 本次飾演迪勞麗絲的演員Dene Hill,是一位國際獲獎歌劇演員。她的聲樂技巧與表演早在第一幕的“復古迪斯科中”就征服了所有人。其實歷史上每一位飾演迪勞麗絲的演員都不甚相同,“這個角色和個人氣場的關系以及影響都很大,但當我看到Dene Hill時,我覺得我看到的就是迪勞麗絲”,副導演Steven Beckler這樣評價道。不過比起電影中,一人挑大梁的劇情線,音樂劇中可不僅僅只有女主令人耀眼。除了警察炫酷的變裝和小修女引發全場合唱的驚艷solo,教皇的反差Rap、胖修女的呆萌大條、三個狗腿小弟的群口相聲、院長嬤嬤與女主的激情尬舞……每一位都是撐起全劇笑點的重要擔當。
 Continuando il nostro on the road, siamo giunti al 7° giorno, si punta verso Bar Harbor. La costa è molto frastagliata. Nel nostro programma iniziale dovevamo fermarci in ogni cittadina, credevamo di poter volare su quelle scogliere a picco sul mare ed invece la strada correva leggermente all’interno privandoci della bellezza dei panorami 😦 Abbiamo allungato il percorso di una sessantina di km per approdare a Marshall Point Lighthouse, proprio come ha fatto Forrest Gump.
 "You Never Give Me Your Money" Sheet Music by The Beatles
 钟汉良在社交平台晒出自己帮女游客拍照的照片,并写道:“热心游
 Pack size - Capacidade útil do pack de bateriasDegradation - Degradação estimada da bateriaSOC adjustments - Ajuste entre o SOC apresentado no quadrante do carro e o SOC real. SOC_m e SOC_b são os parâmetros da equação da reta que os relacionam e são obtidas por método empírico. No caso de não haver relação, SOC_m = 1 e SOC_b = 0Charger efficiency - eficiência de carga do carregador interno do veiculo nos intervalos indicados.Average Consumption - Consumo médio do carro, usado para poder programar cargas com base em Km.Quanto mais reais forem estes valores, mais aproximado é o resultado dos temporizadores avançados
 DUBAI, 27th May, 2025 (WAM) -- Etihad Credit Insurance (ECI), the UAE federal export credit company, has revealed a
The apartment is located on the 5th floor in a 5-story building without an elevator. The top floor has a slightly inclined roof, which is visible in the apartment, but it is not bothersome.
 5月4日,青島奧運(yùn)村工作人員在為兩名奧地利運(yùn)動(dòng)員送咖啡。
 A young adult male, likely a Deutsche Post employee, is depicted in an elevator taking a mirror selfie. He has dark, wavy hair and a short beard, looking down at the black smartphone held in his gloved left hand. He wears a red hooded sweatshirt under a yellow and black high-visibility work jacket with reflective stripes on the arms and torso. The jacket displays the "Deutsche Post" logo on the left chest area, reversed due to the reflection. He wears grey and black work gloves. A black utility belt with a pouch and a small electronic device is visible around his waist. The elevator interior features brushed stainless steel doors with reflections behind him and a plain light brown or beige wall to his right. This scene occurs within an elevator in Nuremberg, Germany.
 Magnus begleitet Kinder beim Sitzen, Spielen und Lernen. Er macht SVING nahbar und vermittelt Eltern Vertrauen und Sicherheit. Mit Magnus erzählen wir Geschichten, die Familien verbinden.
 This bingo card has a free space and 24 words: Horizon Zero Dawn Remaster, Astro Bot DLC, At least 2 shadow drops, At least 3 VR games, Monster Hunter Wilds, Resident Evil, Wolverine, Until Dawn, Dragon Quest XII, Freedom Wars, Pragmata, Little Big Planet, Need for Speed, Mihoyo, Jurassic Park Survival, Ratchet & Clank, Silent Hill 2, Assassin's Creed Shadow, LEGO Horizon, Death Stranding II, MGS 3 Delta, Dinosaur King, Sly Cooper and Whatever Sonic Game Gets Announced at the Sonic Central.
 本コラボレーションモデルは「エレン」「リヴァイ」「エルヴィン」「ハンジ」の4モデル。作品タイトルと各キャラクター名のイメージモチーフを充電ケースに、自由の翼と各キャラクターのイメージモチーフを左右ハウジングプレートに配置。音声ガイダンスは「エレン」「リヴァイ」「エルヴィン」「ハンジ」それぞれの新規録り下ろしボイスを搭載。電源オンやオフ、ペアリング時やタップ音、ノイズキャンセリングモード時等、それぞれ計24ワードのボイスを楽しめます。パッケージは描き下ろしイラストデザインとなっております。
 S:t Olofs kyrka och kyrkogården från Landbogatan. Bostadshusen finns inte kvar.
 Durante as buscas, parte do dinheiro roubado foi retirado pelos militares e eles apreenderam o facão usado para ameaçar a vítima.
⁂
_About this exercise_: Where a line contains the word "para", copy that line from the listing above.

_Problem solution_:
 Pack size - Capacidade útil do pack de bateriasDegradation - Degradação estimada da bateriaSOC adjustments - Ajuste entre o SOC apresentado no quadrante do carro e o SOC real. SOC_m e SOC_b são os parâmetros da equação da reta que os relacionam e são obtidas por método empírico. No caso de não haver relação, SOC_m = 1 e SOC_b = 0Charger efficiency - eficiência de carga do carregador interno do veiculo nos intervalos indicados.Average Consumption - Consumo médio do carro, usado para poder programar cargas com base em Km.Quanto mais reais forem estes valores, mais aproximado é o resultado dos temporizadores avançados
 Durante as buscas, parte do dinheiro roubado foi retirado pelos militares e eles apreenderam o facão usado para ameaçar a vítima.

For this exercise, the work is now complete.